Entre des indicateurs économiques au plus bas et un sinistre bilan humanitaire, quel est le sentiment global de la population ?
Le sentiment sur place est très mitigé et nuancé. La population est désespérée par le chaos économique, par les sombres perspectives et le recul des droits des femmes. À cela s’ajoute un sentiment d’abandon par l’ensemble des acteurs politiques et diplomatiques, avec les États-Unis tout d’abord qui, après avoir gelé sans délai leurs avoirs, entendent en affecter la moitié à un fonds d’indemnisation des victimes des attentats du 11-Septembre ; les anciens gouvernements et l’armée nationale, ensuite, corrompus et larges bénéficiaires des 2 000 milliards de dollars d’investissements américains entre 2001 et 2021, qui ont fui lâchement ; les talibans, enfin, qui, obsédés par leur organisation politique, les restrictions des droits des femmes et la traque de leurs opposants, relèguent l’économie au second plan.
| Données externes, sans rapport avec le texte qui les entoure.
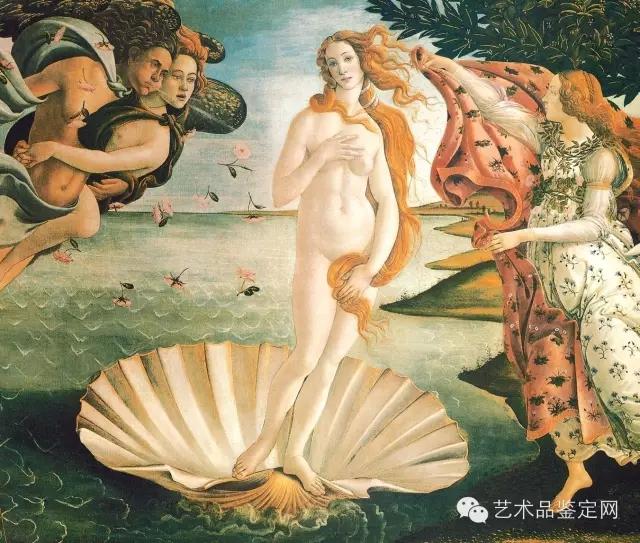 此画通过对维纳斯伤感的神情和秀美的姿态的描绘,为我们展现了一个复杂、矛盾而又富有诗意美的形象。在清晨宁静的气氛中,从海洋中诞生的维纳斯站在飘浮于海面的贝壳上,左边是花神和风神在吹送着维纳斯,使贝壳徐徐飘向岸边;右边是森林女神手持用鲜花装饰的锦衣在迎接维纳斯。画中的维纳斯被艺术家以美的形态表现出来。此画在构图和用笔方面也体现了波提切利的独到之处。画面上的风神、花神和森林女神的形象共同围成了一个半圆形的边框,维纳斯恰好居于画面的正中,整个画面显得统一而又圆满。作者采用各种对比(男人体与女人体、着衣与裸体、直立的 树干与柔和的形体)显示了美的节奏和旋律。画中裸体的维纳斯既没有古典雕像固有的庄重与矫健,也缺乏文艺复兴美术的蓬勃朝气,然而她并不是那种萎靡不振的堕落形象。艺术家尽力强调了她的秀美与清纯,特别是那潇洒飘逸的金发和逾越自然的人体比例,更使画面透露出一种浪漫主义的情调。这个维纳斯的形象后被人们誉为文艺复兴精神的缩影。
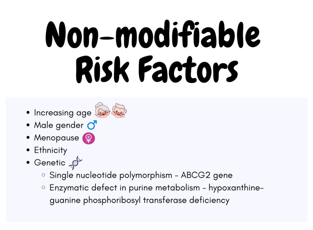 Extra-articular manifestation: Urolithiasis, Chronic nephropathy (Thus, don’t forget to assess also patient’s Renal Function)
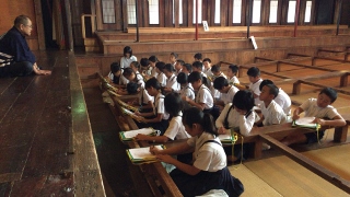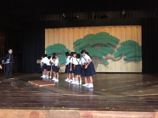 9月26日(火) 4年生の見学旅行でした。山鹿市の八千代座と菊池市の竜門ダムを見学して学んできました。子ども達は、バスの中ではとても元気よく、車から降りて整列するとき、見学の説明を聞くとき、素晴らしい態度で活動することができました。八千代座では、仕掛けの体験もさせてもらい、地下に入って回り舞台を回すことができました。サプライズで、山鹿灯籠の保存会の方の山鹿灯籠踊りも見ることができ、ステージに上がっての記念撮影もできました。107年の歴史ある八千代座、それを地域の人たちが、熱心に保存運動に取り組み、国の重要文化財と認定されるまでを学ぶことができました。
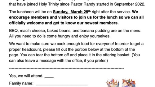 No meals on Ash Wednesday (2/18), Maundy Thursday (4/2), or Good Friday (4/3).
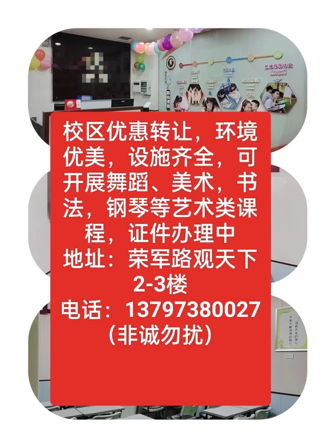 校区优惠转让环境优美,设施齐全,可开展舞蹈、美术,...
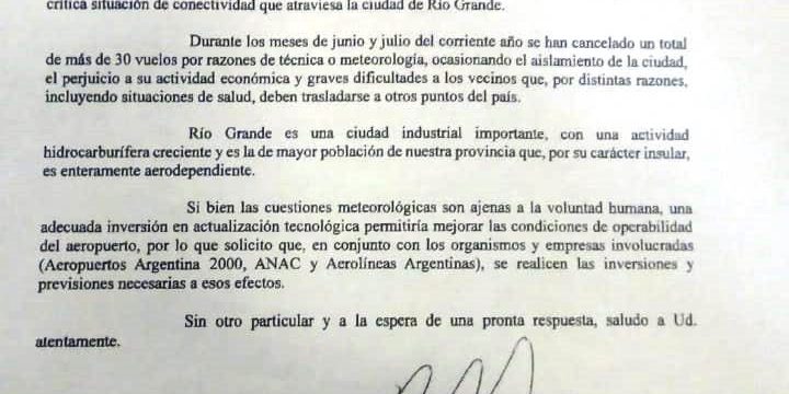 “Si bien las cuestiones meteorológicas son ajenas a la voluntad humana –continúa la nota- una adecuada inversión en actualización tecnológica permitiría mejorar las condiciones de operabilidad del aeropuerto, por lo que solicito que, en conjunto con los organismos y empresas involucradas (Aeropuertos Argentina 2000, Aerolíneas Argentinas y ANAC) se realicen las inversiones y previsiones necesarias a esos efectos”.
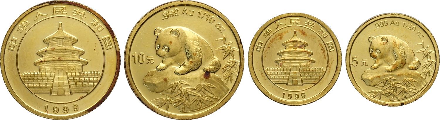 China, People's Republic (1949-), Lot of 2 Gold Panda series 1999: 10 Yuan (1/10 Oz), 5 Yuan (1/20 Oz), FDC/Proof
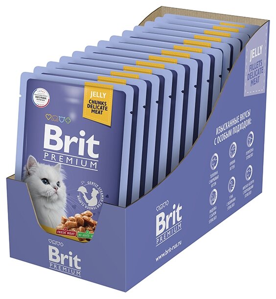 BRIT PREMIUM Паучи для взрослых стерилизованных кошек Мясное ассорти с потрошками в желе, 14 шт.*85г
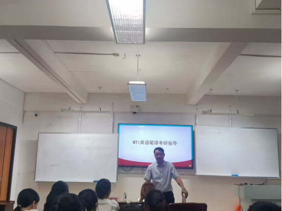 会议伊始,吴涛副书记发表了热情洋溢的讲话,他强调了考研对于个人成长和职业发展的重要性,鼓励同学们勇敢追求更高的学术目标,为自己的未来努力拼搏。随后,蔡荣寿院长凭借其丰富的考研指导经验及硕士生导师的专业视角,为同学们带来了一场精彩的英语专业考研指导讲座。蔡院长首先分享了自己的学术经历,以亲身感悟吸引同学们深入了解本专业,点燃了大家对考研的热情与兴趣。接着,他着重针对 MTI 英语笔译考研展开深入指导,详细讲解了考试科目、出题思路等核心要点。蔡院长结合历年真题与实际案例,深入浅出地剖析了各个科目的重点与难点,使同学们对 MTI 英语笔译考研有了更为清晰、全面的认识,为同学们后续的备考提供了极具价值的思路与方法。

Mais la totalité des Afghans avec qui je me suis entretenu, épuisée par plus de quarante ans de guerres, est en même temps très soulagée de la fin des combats, des attentats talibans et des bavures américaines, saluant la grande amélioration de la sécurité sur l’ensemble du territoire (1). J’ai été frappé par la très grande dignité du peuple afghan. Les gens se débattent pour essayer de travailler, vendre le fruit de leur labeur dans une atmosphère toujours bouillonnante.